Question

cosx/ (1+sinx) + (1+sinx)/ cosx= 2secx

Answer 1

\[\large \frac{cos(x)}{1 + sin(x)} + \frac{1 + sin(x)}{cos(x)} = 2sec(x)\]

We need a common denominator first...what would that be?

Answer 2

We can see the first fraction is missing a factor of cos(x) on the bottom...and we can see that the second fraction is missing a factor of 1 + sin(x) so we can work with that...

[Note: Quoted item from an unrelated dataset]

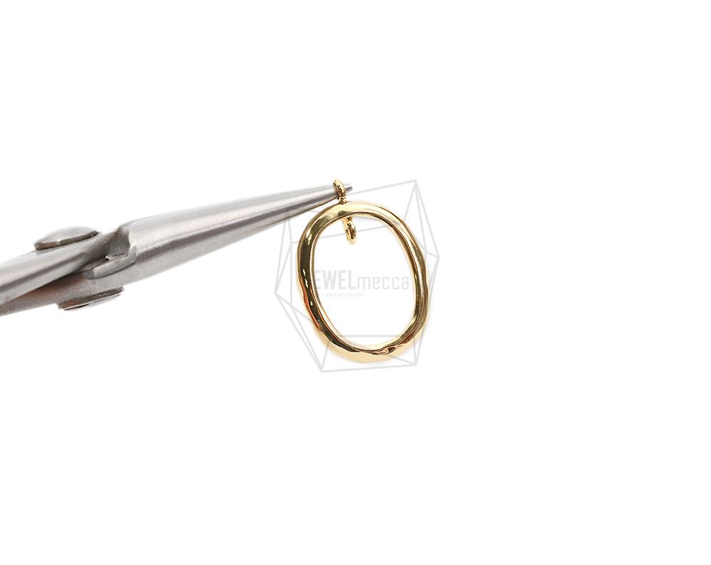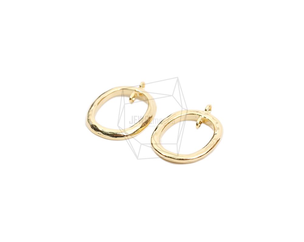 PDT-2563-G/2Pcs-Wave Round Pendant/ 13mm x 18mm/ Gold Plated Over Brass

\[\large \frac{cos(x)}{cos(x)} \times \frac{cos(x)}{1 + sin(x)} + \frac{1 + sin(x)}{1 + sin(x)} \times \frac{1 + sin(x)}{cos(x)} = 2sec(x)\]

And simplify that down a bit

\[\large \frac{cos^2(x)}{(1 + sin(x))cos(x)} + \frac{(1 + sin(x))^2}{(1 + sin(x))cos(x)} = 2sec(x)\]

Now lets put them over the common denominator

\[\large \frac{cos^2(x) + (1 + sin(x))^2}{(1 + sin(x))cos(x)} = 2sec(x)\]

Now...what can we replace \(\large cos^2(x)\) with?